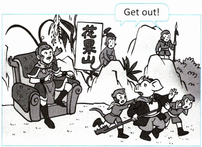 答案:Long long ago, there were many monkeys. They lived in Huaguo Mountain. One day, Zhu Bajie visited them. Monkey King shouted "Get out!". All the monkeys pointed at Zhu Bajie and laughed.
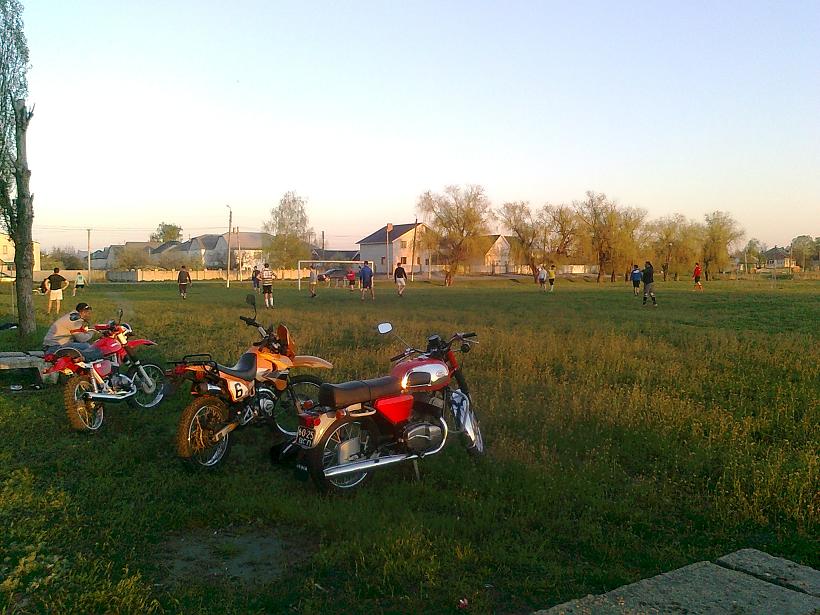 После запуска проехались на футбол. Брату Сане достался макарий, сыну Фёдору, ZS, ну а я , по старой памяти на JAWA ! :D
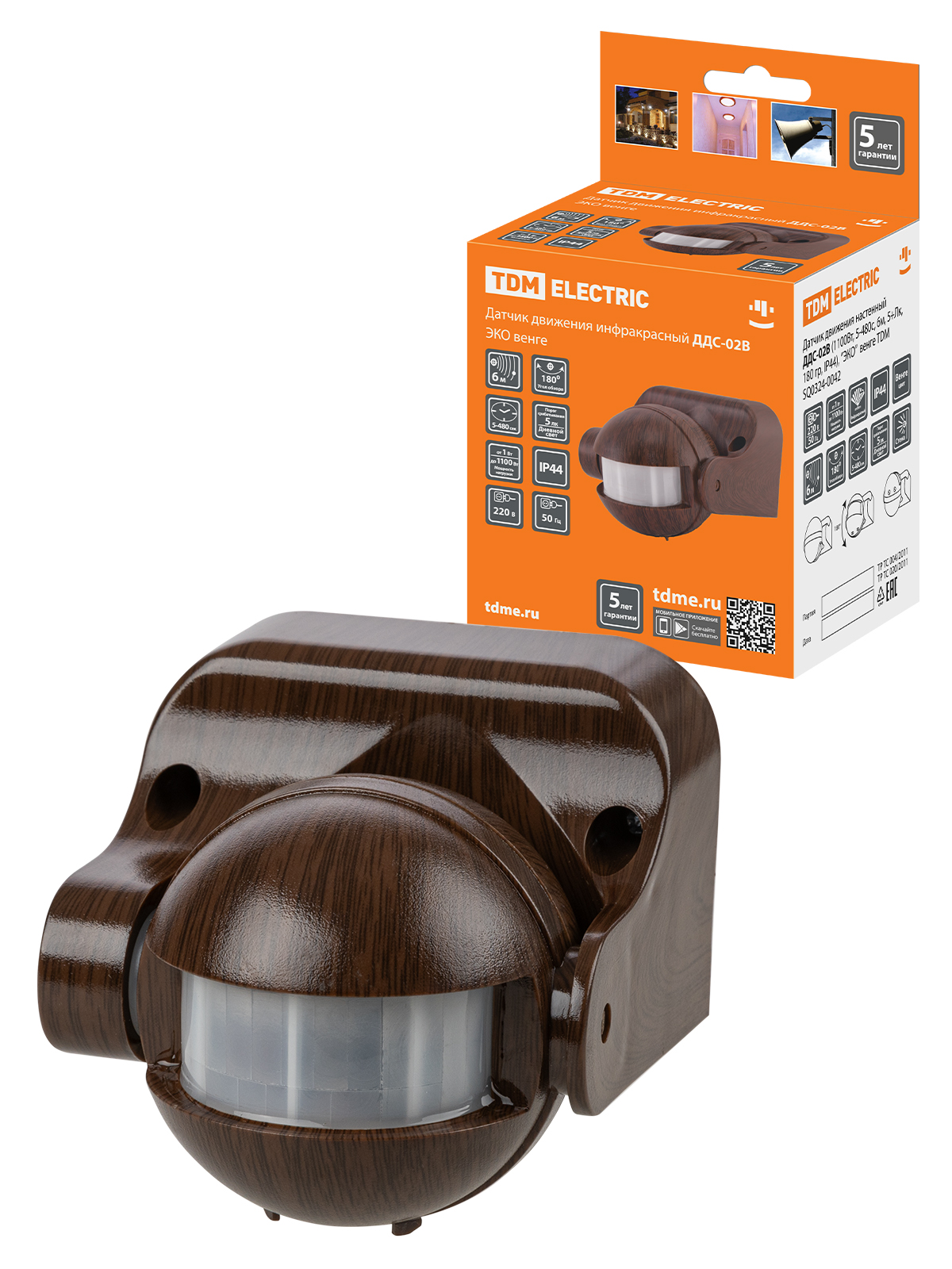 Наименование: Датчик движения стена ДДС-02В (1100Вт, 5-480с, 6м, 5+Лк, 180гр, IP44), "ЭКО" венге TDM
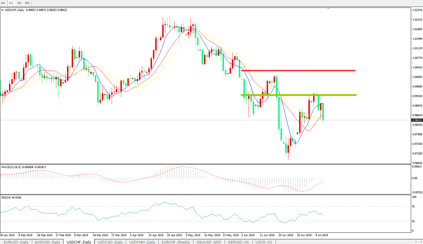 美元兑瑞郎USDCHF 日线图:
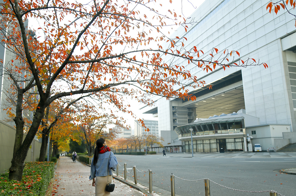江戸東京博物館の前は、心地よい木立の散歩道。
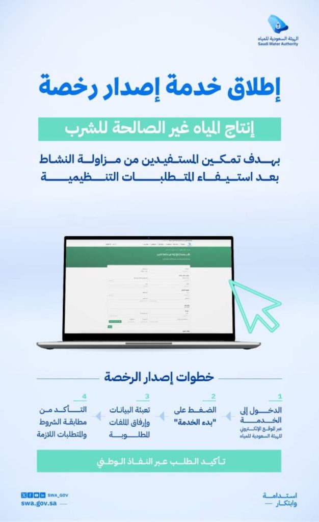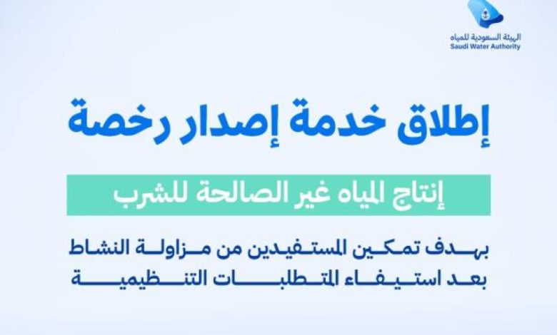 الهيئة السعودية للمياه تُعلن بدء إصدار رخصة إنتاج المياه غير الصالحة للشرب عبر منصتها الإلكترونية
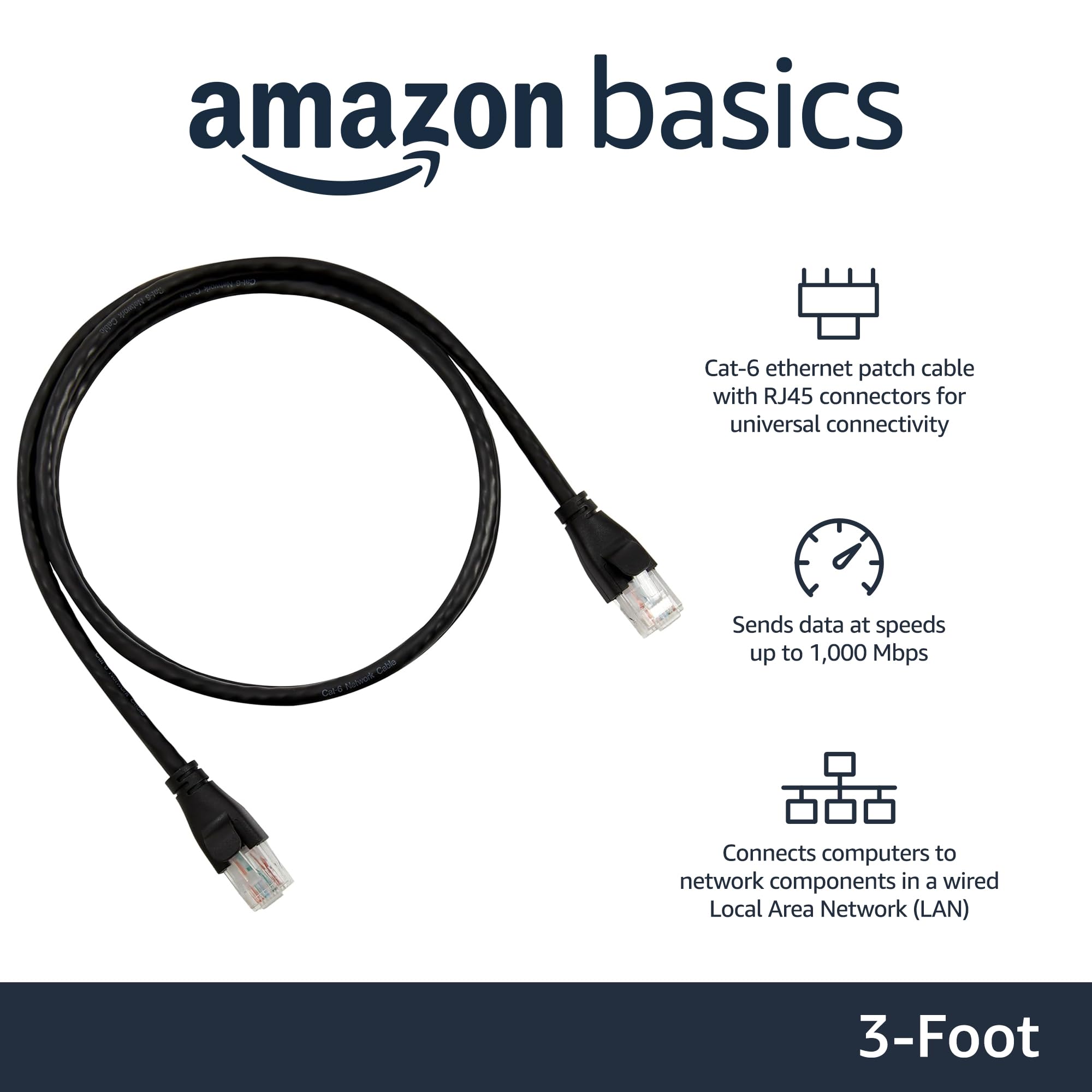 Product Description Amazon Basics RJ45 Cat-6 Ethernet Patch Internet Cable - 3 Foot (0.9 Meters) From the Manufacturer AmazonBasics
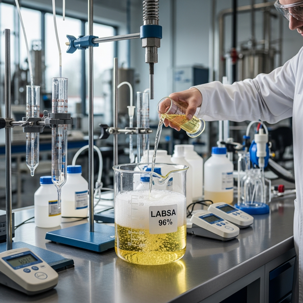 LABSA is prized primarily for its versatility; it serves as a fundamental building block for the production of various cleaning agents. While it is highly acidic in its concentrated form, it is typically neutralized with caustic soda (Sodium Hydroxide) to produce Sodium Linear Alkyl Benzene Sulfonate (LAS). Its transition from branched alkylbenzene sulfonates (BAS) to linear structures (LABSA) in the mid-20th century marked a significant environmental milestone, as the linear chain ensures rapid aerobic biodegradation, preventing persistent foam in wastewater treatment systems.
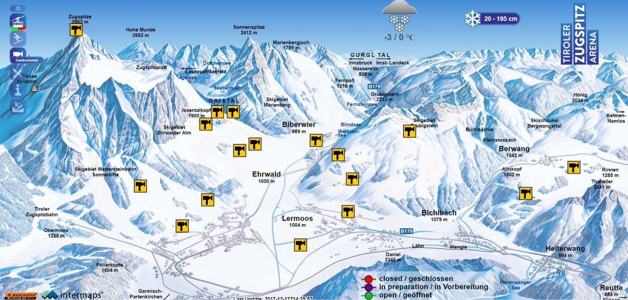 Die interaktive Karte bietet Euch Livecams und den besten Überblick über die Bahnen der Tiroler Zugspitz Arena.

**WORK INSTRUCTIONS:**
Print, with pictures removed, exactly the lines of the records above from the top through the line containing "Product Description Amazon".

**SOLUTION:**
 答案:Long long ago, there were many monkeys. They lived in Huaguo Mountain. One day, Zhu Bajie visited them. Monkey King shouted "Get out!". All the monkeys pointed at Zhu Bajie and laughed.
 После запуска проехались на футбол. Брату Сане достался макарий, сыну Фёдору, ZS, ну а я , по старой памяти на JAWA ! :D
 Наименование: Датчик движения стена ДДС-02В (1100Вт, 5-480с, 6м, 5+Лк, 180гр, IP44), "ЭКО" венге TDM
 美元兑瑞郎USDCHF 日线图:
江戸東京博物館の前は、心地よい木立の散歩道。
 الهيئة السعودية للمياه تُعلن بدء إصدار رخصة إنتاج المياه غير الصالحة للشرب عبر منصتها الإلكترونية
 Product Description Amazon Basics RJ45 Cat-6 Ethernet Patch Internet Cable - 3 Foot (0.9 Meters) From the Manufacturer AmazonBasics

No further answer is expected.